There are distinctions between human and computer intelligence. The limitations of computer programs depend on their designer's ability. We do not understand entirely how the human brain functions and so cannot duplicate this to computers. When humans perform better than computers, the programmer’s lack of knowledge shows. Possibly, machine intelligence can be beneficially different to humans.
Four desired outcomes are pursued in AI:
1. Computers with the ability to think as humans;
2. Computers with the ability to act like humans;
3. Computers with the ability to think rationally;
4. Computers with the ability to act rationally.
Disagreement centres on humans and rationality. That is not to say we are irrational, but we do make mistakes. Human based methods centre on experimental science. The rationalist method involves math and engineering. Each side occasionally criticises the work of the other side. Still, each side has achieved significant outcomes.
Alan Turing developed the Turing Test in 1950 to state when a machine is intelligent. Turing stated intelligence as being able to achieve human level reasoning. A human questions a computer that passes a test if they do not know they are questioning a computer. The computer needs to have the following:
· Language understanding to communicate successfully;
· Be able to store information before or during the questioning;
· Ability to reason, to answer questions and reach conclusions;
· The ability to learn and adjust to a new situation.
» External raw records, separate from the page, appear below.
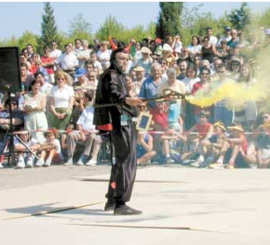
Arriba, el diablo del dance de Cabañas de La Almunia.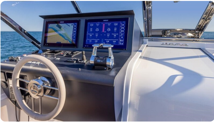
Itama 45RS helm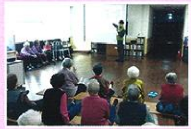
| 낙상예방교육 |

주 1회 무릎관절염이 있어 통증이 심하신 어르신들에게 무릎 주변부위 근육을 강화하여 관절의 부담을 줄여 통증을 줄여드리는 관절염 운동을 진행하고 있습니다.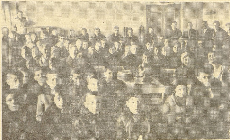
V dvorani dražgoške šole so prikazali film »Partizansko srečanje ZB ISKRE v Dražgošah«

I S K R A — glasilo delovnega kolektiva Iskra industrije za elektromehaniško telesko munikacije elektronic — avtomatiko — ure, ure uredniški odbor — Glavni urednik: Pavel Gantar — odgovorn.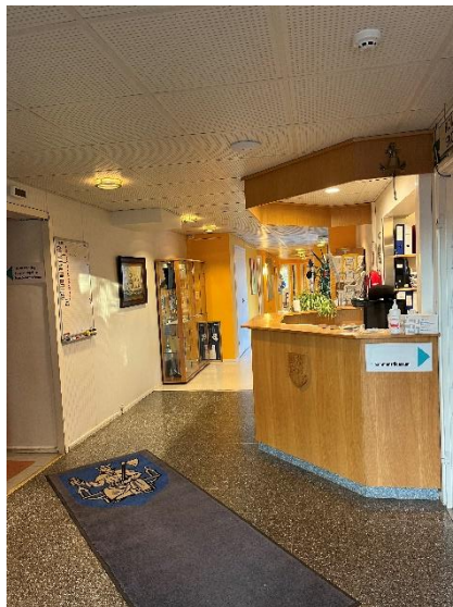
Bild av receptionen via huvudentrén.

Det finns allergivänliga plantor i receptionen. Det saknas en sänkt del i receptionsdisken med en höjd på max 75 cm för kortväxta personer och personer i rullstol. Det finns ingen tillgång till hjälpmedel såsom Teleslinga för de med hörselnedsättning och det saknas skyltning för enklare orientering. Ledstråk från receptionen till övriga utrymmen är ett åtgärdsförslag som listas på sida nummer 7. Det finns även ett störande ljud från ventilationen vid entrén invid receptionen som inte kan påverkas så mycket, den är inte på hela tiden utan slås av och på.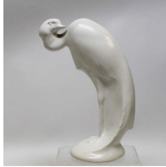
PZH, Gouda – Theo Vos, ca 1930, struisvogel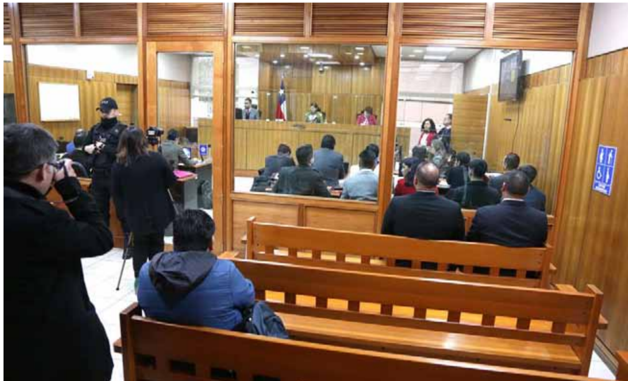
Este miércoles se continuará con los testimonios de nuevos peritos por parte de la Fiscalía.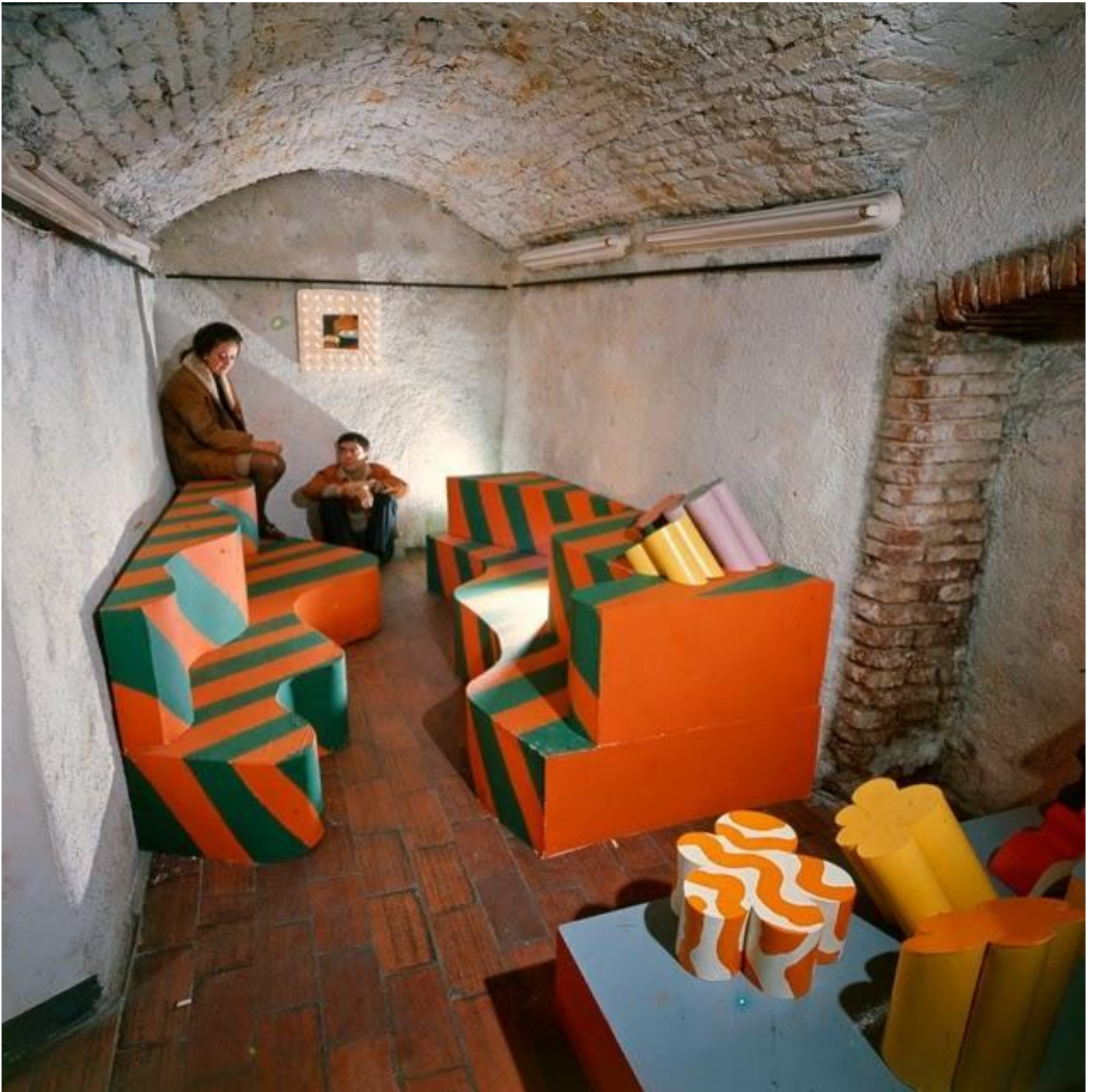
Superarchitettura, Galleria Jolly 2, Pistoia, dicembre 1966.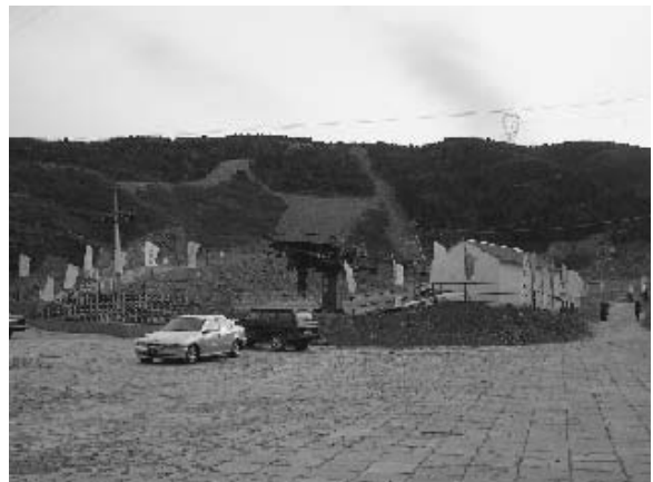
写真17 旧万佛堂村で進むスキー場の建設 (2004年11月筆者撮影)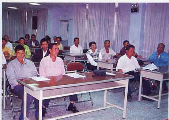
產銷班員參加講習會

1.由於梅樹皆有適當管理，致促使產品品質好，梅果無斑點、果粒大、無破損、售價提高。近年來加工部經精選之上等青梅價格平均已有明顯上升，提高班員收益甚大。並因為加工部對原料青梅開價高，商販只好隨行情買賣，有助於帶動梅產業（表3）。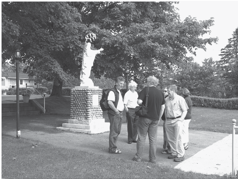
Excursionnistes devant l'église Saint-Pierre de Pubnico-Ouest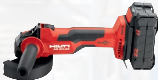
AG 6D-22 meuleuse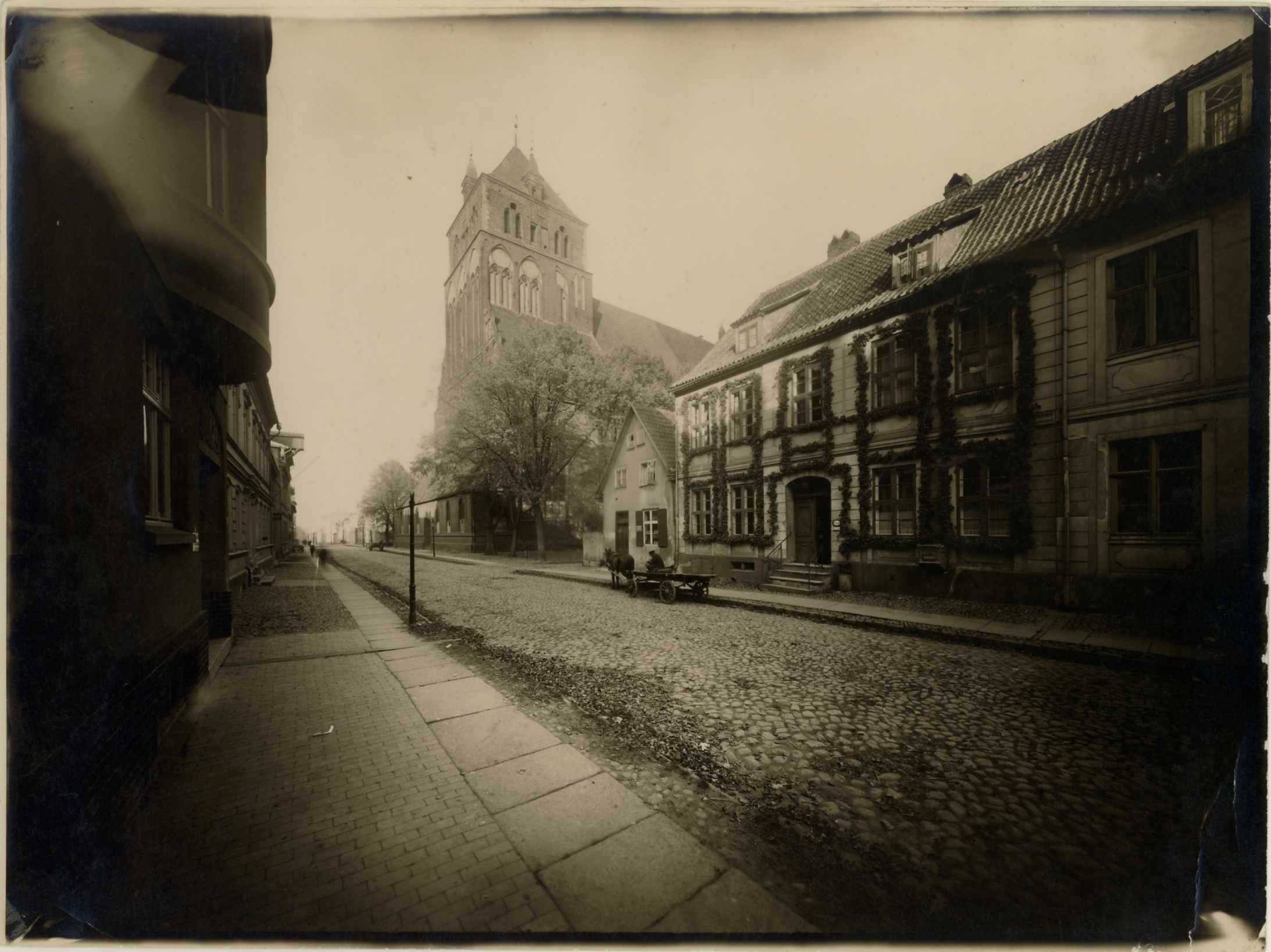
Greifswald, Pomm., Greifsw., Brügstraße mit Pfarrkirche St. Marien

· Vision to discern objects;
· Robotics for mobility.
We must determine how humans think before we claim a program can think like a human. Cognitive modelling involves computer AI with human psychology to develop accurate models to test the human mind. With a sufficient theory of the mind, it becomes possible to convey this to a computer program.
Greek philosopher Aristotle was the first to identify reasoning. This began the field of logic. By 1965, programs existed, with enough time and memory spent on a logic problem, solve the problem. AI is trying to build on these programs to make intelligent systems. This is called the Laws of Thought approach. This is no easy task. Taking informal knowledge and changing it to formal logic when the knowledge is uncertain is difficult. Solving a theoretical problem differs from solving it practically.
AI involves the study and building of rational systems. Acting rationally is to reason logically to try to reach one’s goals and then form a conclusion. AI rationality has two advantages. One, the method is more general than the laws of thought method. Two, it is more responsive to science than methods based on human behaviour or thought. Rationality involves clear interpretation.
AI researchers see the need for new basic ideas to achieve duplicated human intelligence. Since the 1940’s the idea of a machine learning like a child seemed possible. This will be true one day. Computers need to increase their knowledge of language enough to be able to learn from reading.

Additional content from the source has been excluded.